Upon completion of the proposed transaction, Sprint will own the largest stake in the new company with approximately 51 percent equity ownership on a fully diluted basis assuming an investment price of $20.00 per share. The existing Clearwire shareholders will own approximately 27 percent and the new strategic investors, as a group, will be acquiring approximately 22 percent for their investment of $3.2 billion, both on a fully diluted basis assuming an investment price of $20.00 per share.
Sprint and Clearwire also announced a series of commercial agreements with the strategic investors, including 3G and 4G wholesale agreements.

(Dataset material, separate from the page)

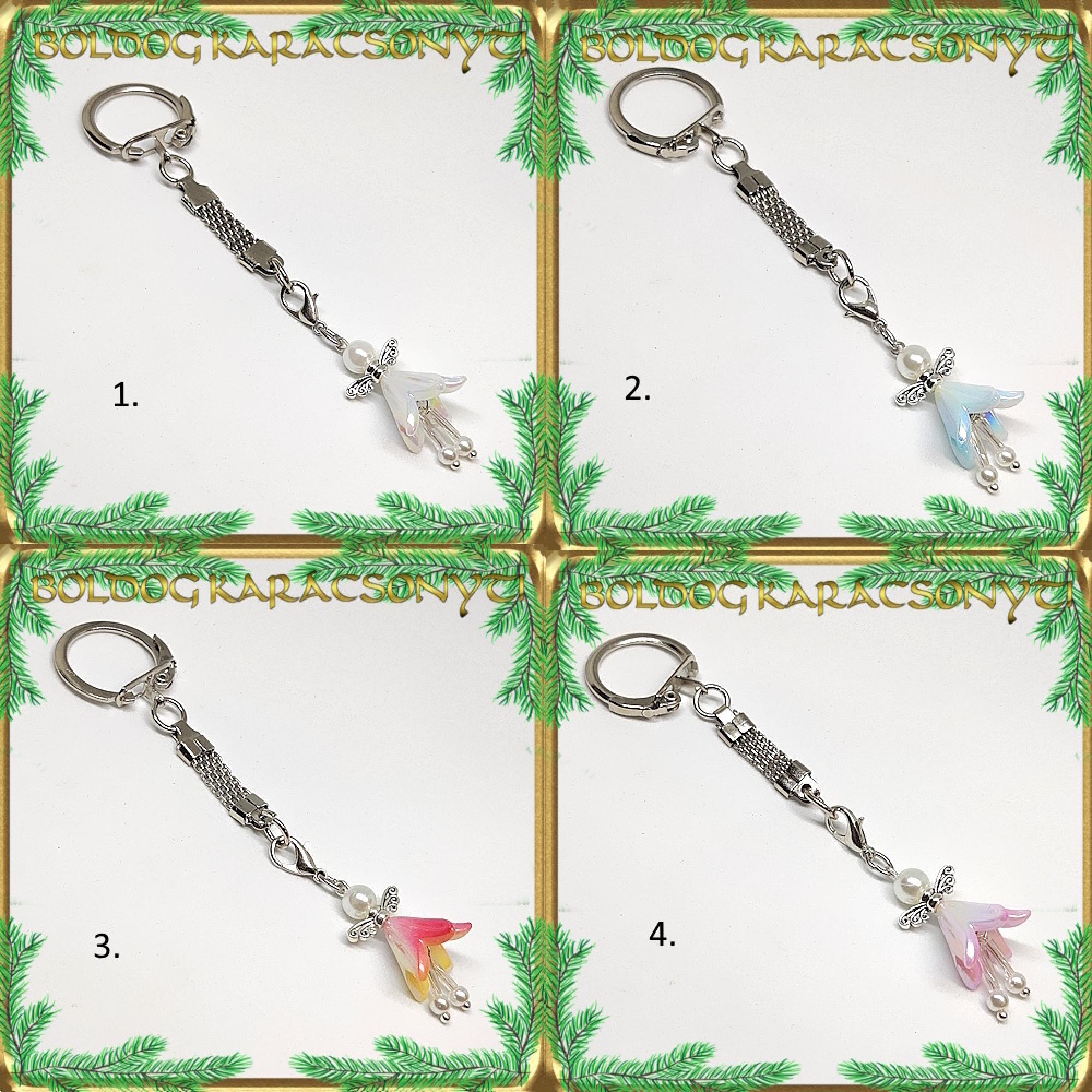 Kulcstartó karácsonyi angyalka figurával. Az ár 1db kulcstartóra vonatkozik. A szint a harmaik fotón tudsz választani. A választott szin sorszámát üzenetben tudod elküleni. Készlet: 1.: 4db 2.:4db 3.: 4db 4.: 4db Az ár 1 pár fülbevalóra vonatkozik.

“For Sprint shareholders, this is an opportunity to unlock and bring visibility to the value of our significant spectrum assets, technology and expertise, by leveraging the technology, applications and distribution strengths of our investors, who together command nearly a half- trillion dollars in market capitalization,” said Dan Hesse, president and chief executive officer of Sprint. “We’ve made an excellent start developing XOHM WiMAX services. Contributing those advances to a strongly backed new company – in which we’ll hold the largest interest – provides Sprint with additional financial flexibility and allows Sprint management to leverage and focus on our core business.

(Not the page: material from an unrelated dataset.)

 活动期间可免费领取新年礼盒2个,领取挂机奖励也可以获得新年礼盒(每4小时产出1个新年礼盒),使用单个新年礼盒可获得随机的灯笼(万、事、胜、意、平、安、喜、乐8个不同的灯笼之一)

“Additionally, the agreements allowing the new company and our cable company investors to bundle and resell Sprint’s third-generation wireless services strengthen the distribution of our current services while reducing the complexity and enhancing Sprint’s cable relationships,” Hesse added.
Clearwire Chairman Craig O. McCaw, said, “The power of the mobile Internet, which offers speed and mobility, home and away, on any device or screen, will fundamentally transform the communications landscape in our country. We believe that the new Clearwire will operate one of the fastest and most capable broadband wireless networks ever conceived, giving us the opportunity to return the U.S. to a leadership position in the global wireless industry.
Benjamin G. Wolff, chief executive officer of Clearwire, said, “The combination of robust next-generation mobile WiMAX technology and nationwide spectrum that we believe is optimal for delivering mobile broadband services – coupled with substantial new financial resources, a team of experienced wireless industry veterans, and distribution and technology agreements with some of our nation’s leading communications, technology and content companies – creates what I believe to be a once-in-a-lifetime opportunity.
"Given the complexity of this transaction, we have taken the time and effort to do it right, by thoughtfully leveraging the resources and opportunities that we and our investors are bringing to the table. This transaction is tremendous news for the entire Clearwire team – our shareholders, our customers and our employee-partners, and we look forward to partnering with the talented team from XOHM to achieve our shared vision,” Wolff added.
The strategic investors are among the nation’s leaders in communications technology, chipset development and Internet advertising, content and distribution. It is expected that the new Clearwire will have a time-to-market advantage over competitors in fourth-generation services, supported by strong spectrum holdings and a national footprint. Further, it will build on the strong foundation of Clearwire’s rapidly growing subscriber base of nearly 400,000 wireless broadband customers as of year-end 2007, as well as Sprint’s continued XOHM WiMAX network build-out in certain markets throughout this year.
“This agreement is a historic step forward for WiMAX as it represents the first nationwide deployment of a next-generation mobile broadband Internet in the U.S.,” said Paul Otellini, Intel president and CEO. “The agreement also signifies growing industry support for WiMAX. Given its flexibility, coverage and speed, WiMAX will enable the mobile Internet and is already opening doors to a host of new and exciting applications, devices and business models around the world.”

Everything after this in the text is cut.